Competent cells of E. coli TransforMax EC100D pir-116 cloning strain and the E. coli WM3064 conjugation donor strain were purchased from Lucigen (Biosearch Technologies, Alexandria, MN). E. coli 10-β competent cells were purchased from New England BioLabs (NEB, Ipswich, MA, USA). All bacterial strains were grown in liquid and solid medium using a Luria-Bertani (LB) base (Becton Dickinson, Milpitas, CA). Antibiotic concentrations for selection were carbenicillin (carb, 50 μg/mL) and kanamycin (kan, 50 μg/mL). When the E. coli WM3064 strain was used, media was supplemented with diaminopimelic acid (DAP) at a concentration of 300 μM.
All non-magic pool plasmids were constructed using standard Gibson cloning methods.65 Plasmid DNA isolation was performed using a miniprep plasmid isolation kit according to the manufacturer’s instructions (Qiagen, Redwood City, CA). General microbiological manipulations, PCR amplification, golden gate assembly, cloning, and transformation procedures were described previously.23 Enzymes were purchased from New England Biolabs (NEB, Ipswich, MA, USA) and Thermo Fisher Scientific (Waltham, MA, USA). Oligonucleotide primers were obtained from Integrated DNA Technologies (IDT, Coralville, IA, USA). Double strand DNA gene fragments were ordered for synthesis from Genewiz Inc (Azenta Life Sciences, South Planefield, NJ). All plasmids constructed, not including magic pool library construction, were verified by whole plasmid sequencing by Plasmidsaurus Inc (South San Francisco, CA). Unless noted, all reagents and media components were purchased from Sigma-Aldrich (St. Louis, MO, USA).
Method details
Origin of replication prediction
From our earlier plasmidome study, 32 circular plasmid sequences were analyzed using DoriC for prediction of the origin of replication8 and the resulting 18 predicted origins of replication were used in the subsequent experimental validation workflow. For this study, DoriC 10.0 was used (details for DoriC 10 are provided at https://tubic.org/doric10/public/index.php).36 DoriC has since been updated to Dori 12.08 and a new plasmid focused OriV-finder37 tool was also released recently. All 32 scaffolds examined in this study were also analyzed using the OriV-finder tool. Details of OriV-finder are available at https://tubic.org/OriV-Finder/OriV-Finder/. Examined scaffold sequences, original DoriC predictions and the most recent OriV-finder predictions are provided in supplementary data (Data S1).
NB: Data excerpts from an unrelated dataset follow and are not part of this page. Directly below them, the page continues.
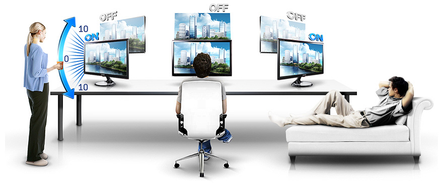 The Samsung HDTV monitor TA350 feature the Magic Angle Vertical to deliver a picture-perfect screen even when not viewed from directly in front. This means that you can watch your monitor sitting down, standing up or lying on the couch and still enjoy a great view. And with 20 different angle steps (10 up and 10 down) you will always have a choice to match your position. So, when watching with Magic Angle Vertical, which is even also specialised for HDTV, it feels like you’re always standing right in front of the screen… even if you aren’t.
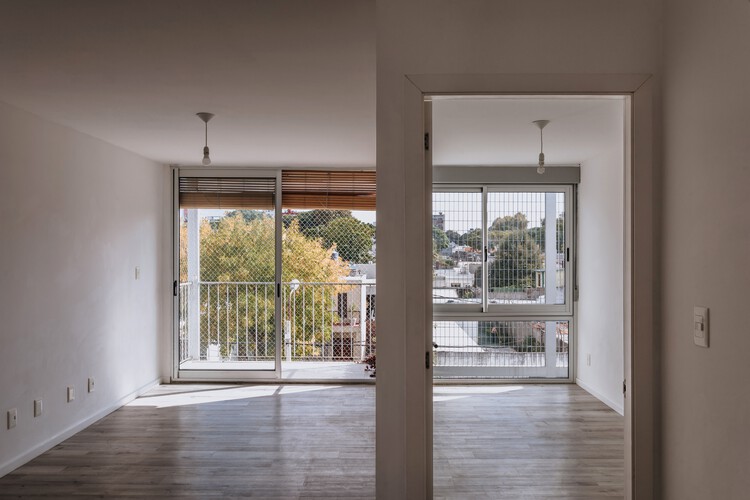 莫雷利住宅楼位于蒙得维的亚的中心区域,位于界墙之间,宽 10 米,深 46 米。以我们的邻近城市布宜诺斯艾利斯的 R2B1 分区为参考,以充分利用土地的特征,该项目围绕一个 4 米长的大型中央露台分为两个 11 层的街区。
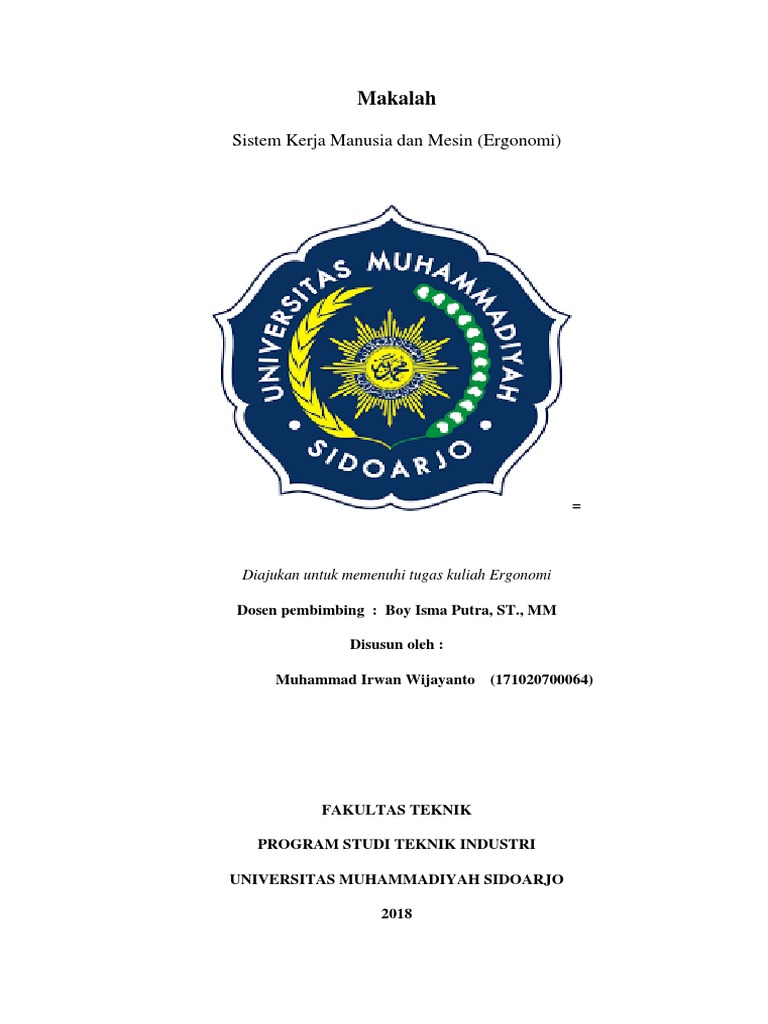 makalah tentang Ergonomi dengan tema system kerja manusia vs mesin.

Construction of the kanamycin magic pool origin libraries
Part 1 origin plasmids were synthesized into a pJW52 backbone65 by Genscript USA Inc (Piscataway, NJ). Parts 2 (promoter for drug resistance marker) and 3 (drug resistance coding sequence (CDS)) (also in pJW52 backbones) plasmids were constructed previously.23 All plasmids containing parts 1, 2, and 3 can be found in Data S1. For all part 1 origins, 100 ng of each plasmid were added to a part 1 mix. This was also done for parts 2 and 3, separately. 100 ng of each mix was then added into the golden gate assembly.66 The origin magic pool was constructed by Golden Gate assembly using methods described previously.23
The magic pool was built in two dilutions, “1x” and “2x” based on the number of E. coli pir+ colonies added to 100 mL of LB medium supplemented with DAP and carbenicillin. The magic pool was allowed to grow overnight, followed by a glycerol stock and four plasmid DNA isolations per dilution. An amplification of the barcoded region of each plasmid assembly was performed to check the number of barcodes per assembly. For the magic pool the “1x” dilution was selected due to its barcode coverage relative to the total combination of possible vectors (∼10x). Utilizing the DNA isolated previously, the magic pool was transformed into the E. coli WM3064 conjugation donor strain. The entirety of the transformation was then grown in 100 mL of media supplemented with DAP and stored via glycerol stock after an overnight incubation.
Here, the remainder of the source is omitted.